● **PROBLEM**: Go through the listing below and write out exactly the lines from the one that mentions "金糸 灰緑 六通 正絹" through the one that mentions "Smooth bovine leather", minus the pictures.
—————
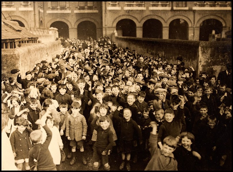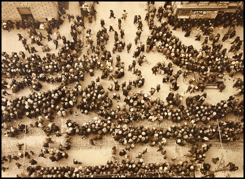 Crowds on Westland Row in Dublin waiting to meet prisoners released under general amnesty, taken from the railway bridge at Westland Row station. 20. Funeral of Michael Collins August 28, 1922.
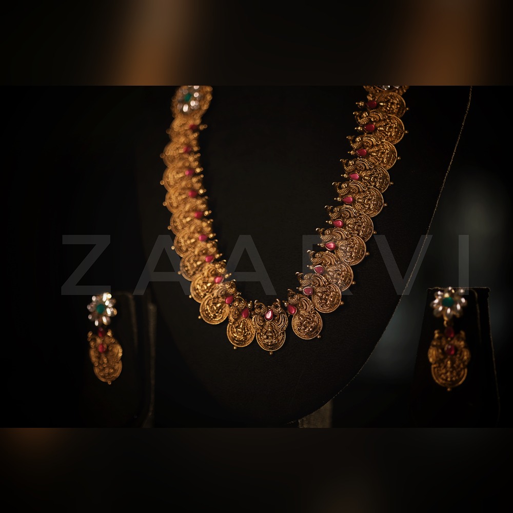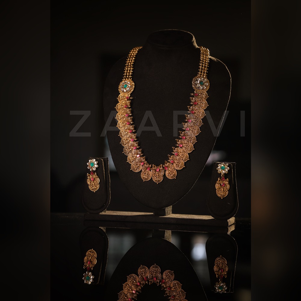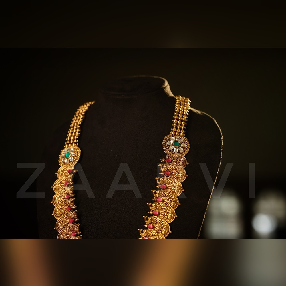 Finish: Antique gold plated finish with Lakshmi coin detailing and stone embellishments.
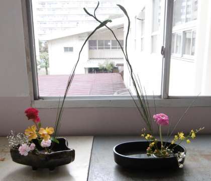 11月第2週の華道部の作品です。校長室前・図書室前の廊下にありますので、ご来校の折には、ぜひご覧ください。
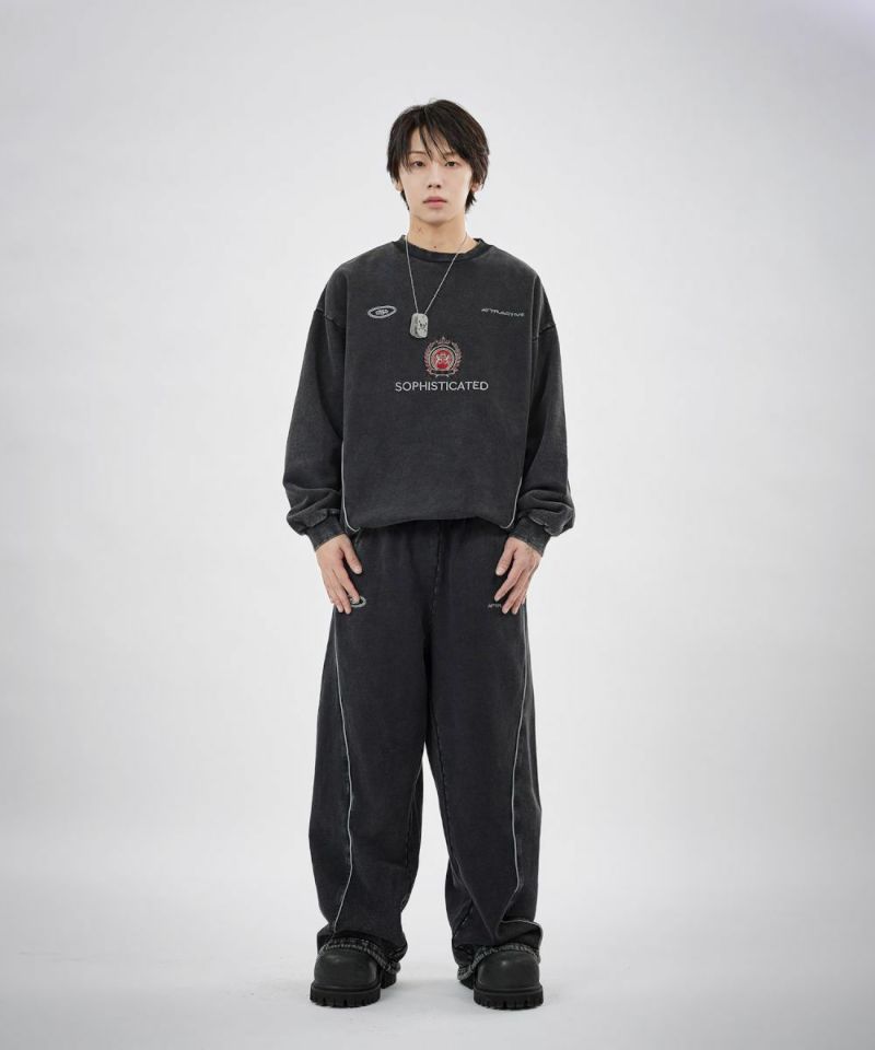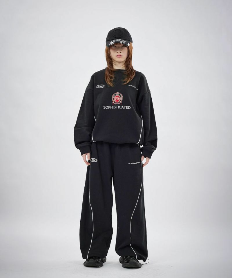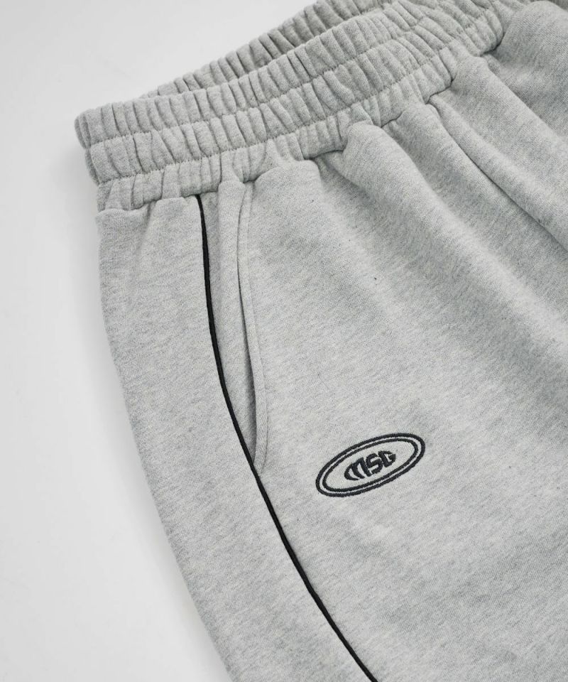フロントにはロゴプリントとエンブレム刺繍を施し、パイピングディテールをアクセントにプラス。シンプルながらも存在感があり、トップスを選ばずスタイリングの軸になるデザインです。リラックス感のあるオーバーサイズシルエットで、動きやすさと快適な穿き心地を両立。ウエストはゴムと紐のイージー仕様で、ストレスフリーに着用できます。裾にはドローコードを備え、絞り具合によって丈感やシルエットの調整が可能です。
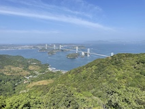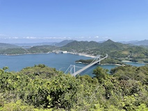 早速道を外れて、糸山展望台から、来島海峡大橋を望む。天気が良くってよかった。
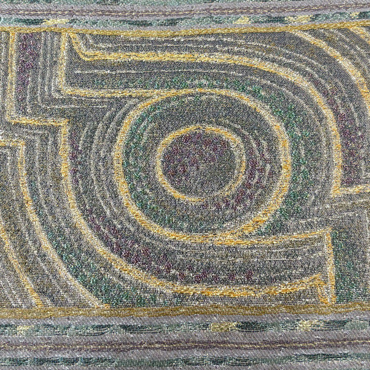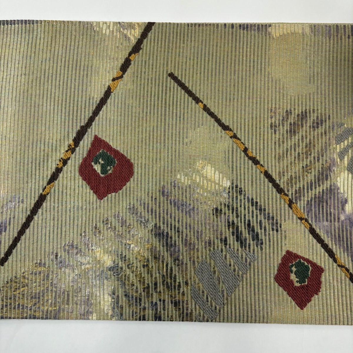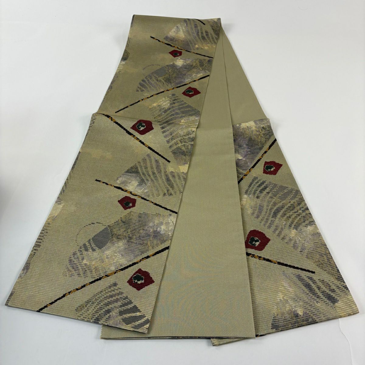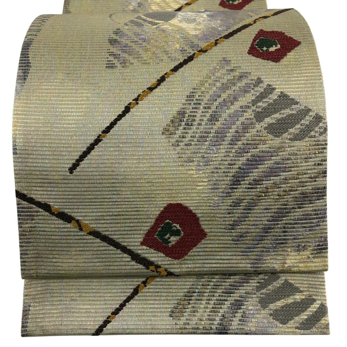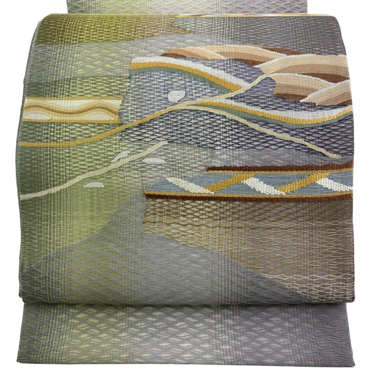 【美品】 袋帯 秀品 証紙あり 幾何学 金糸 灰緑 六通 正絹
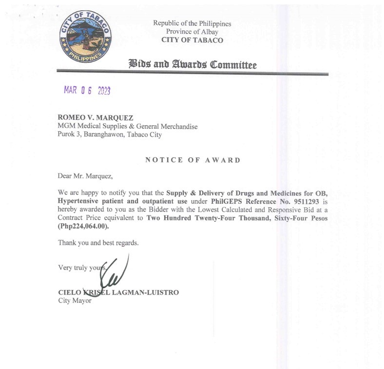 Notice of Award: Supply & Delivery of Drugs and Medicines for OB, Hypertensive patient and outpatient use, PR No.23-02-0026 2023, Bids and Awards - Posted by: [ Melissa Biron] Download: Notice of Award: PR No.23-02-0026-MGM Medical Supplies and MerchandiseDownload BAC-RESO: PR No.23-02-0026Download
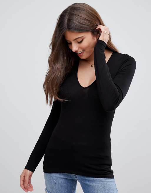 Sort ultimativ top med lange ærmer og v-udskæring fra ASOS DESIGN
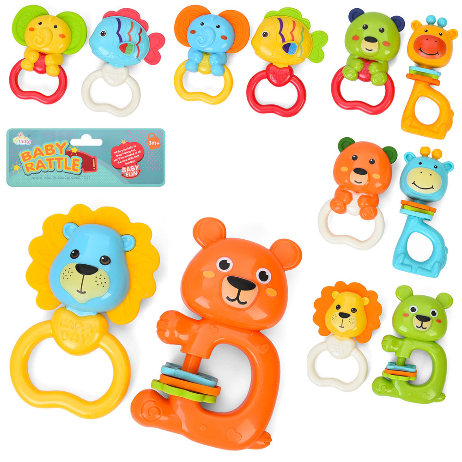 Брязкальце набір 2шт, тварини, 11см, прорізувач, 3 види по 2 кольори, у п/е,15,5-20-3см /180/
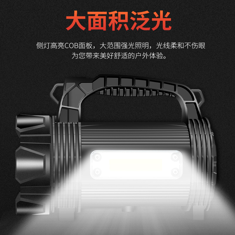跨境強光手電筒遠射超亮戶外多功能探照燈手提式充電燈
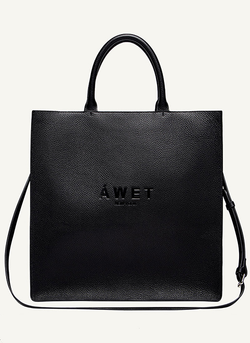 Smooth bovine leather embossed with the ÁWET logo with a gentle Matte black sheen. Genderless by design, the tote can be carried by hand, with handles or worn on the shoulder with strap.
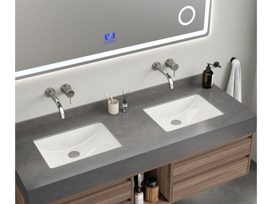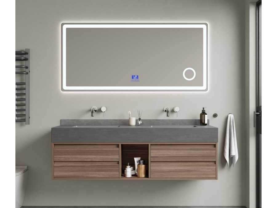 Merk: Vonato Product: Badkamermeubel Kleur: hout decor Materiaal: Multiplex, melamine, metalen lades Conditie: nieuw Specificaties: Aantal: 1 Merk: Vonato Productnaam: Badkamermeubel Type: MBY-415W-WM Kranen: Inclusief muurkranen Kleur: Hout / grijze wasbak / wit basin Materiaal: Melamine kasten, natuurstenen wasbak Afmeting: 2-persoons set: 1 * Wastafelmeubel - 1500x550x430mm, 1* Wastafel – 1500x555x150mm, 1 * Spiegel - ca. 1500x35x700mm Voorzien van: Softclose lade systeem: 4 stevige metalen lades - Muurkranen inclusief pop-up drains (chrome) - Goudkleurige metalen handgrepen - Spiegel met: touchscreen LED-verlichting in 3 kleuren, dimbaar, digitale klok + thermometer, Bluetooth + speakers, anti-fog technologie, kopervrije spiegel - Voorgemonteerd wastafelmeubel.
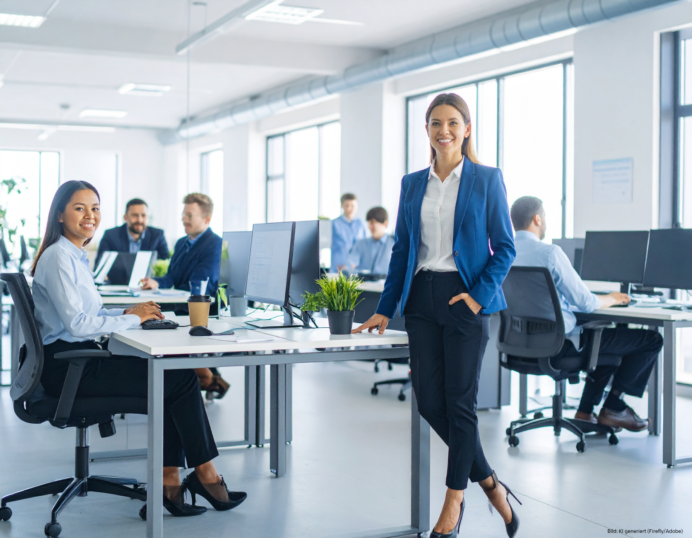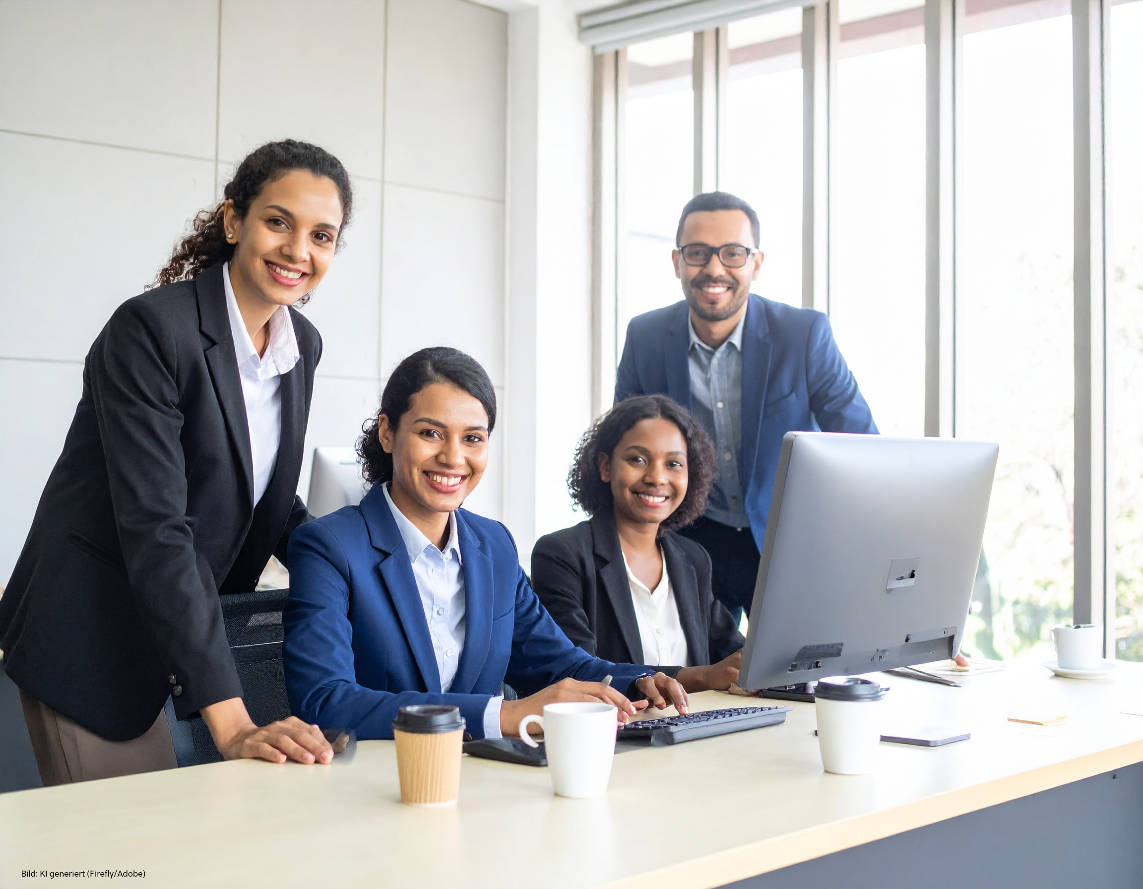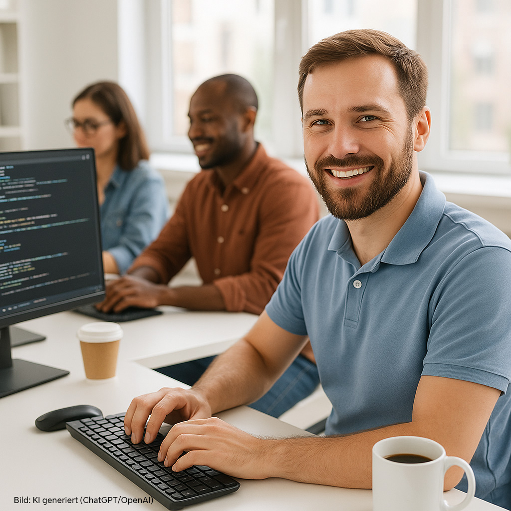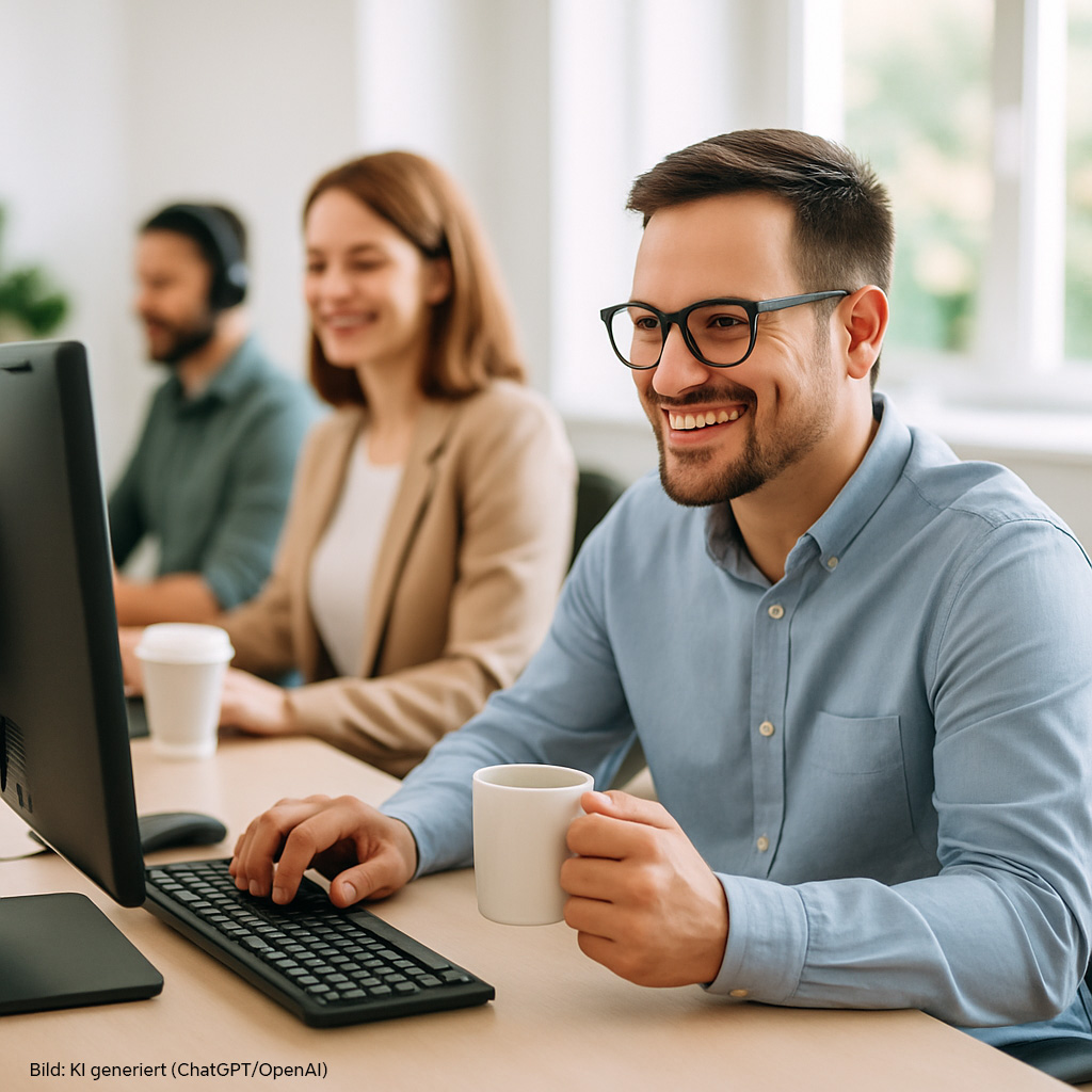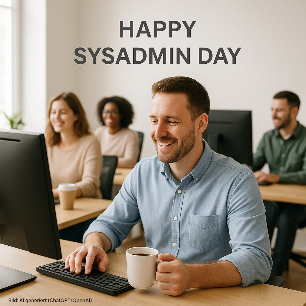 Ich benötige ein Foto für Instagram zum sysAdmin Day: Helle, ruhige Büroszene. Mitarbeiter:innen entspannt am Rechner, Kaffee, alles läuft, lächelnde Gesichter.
—————
● **YOUR RESPONSE**:
 【美品】 袋帯 秀品 証紙あり 幾何学 金糸 灰緑 六通 正絹
 Notice of Award: Supply & Delivery of Drugs and Medicines for OB, Hypertensive patient and outpatient use, PR No.23-02-0026 2023, Bids and Awards - Posted by: [ Melissa Biron] Download: Notice of Award: PR No.23-02-0026-MGM Medical Supplies and MerchandiseDownload BAC-RESO: PR No.23-02-0026Download
 Sort ultimativ top med lange ærmer og v-udskæring fra ASOS DESIGN
 Брязкальце набір 2шт, тварини, 11см, прорізувач, 3 види по 2 кольори, у п/е,15,5-20-3см /180/
跨境強光手電筒遠射超亮戶外多功能探照燈手提式充電燈
 Smooth bovine leather embossed with the ÁWET logo with a gentle Matte black sheen. Genderless by design, the tote can be carried by hand, with handles or worn on the shoulder with strap.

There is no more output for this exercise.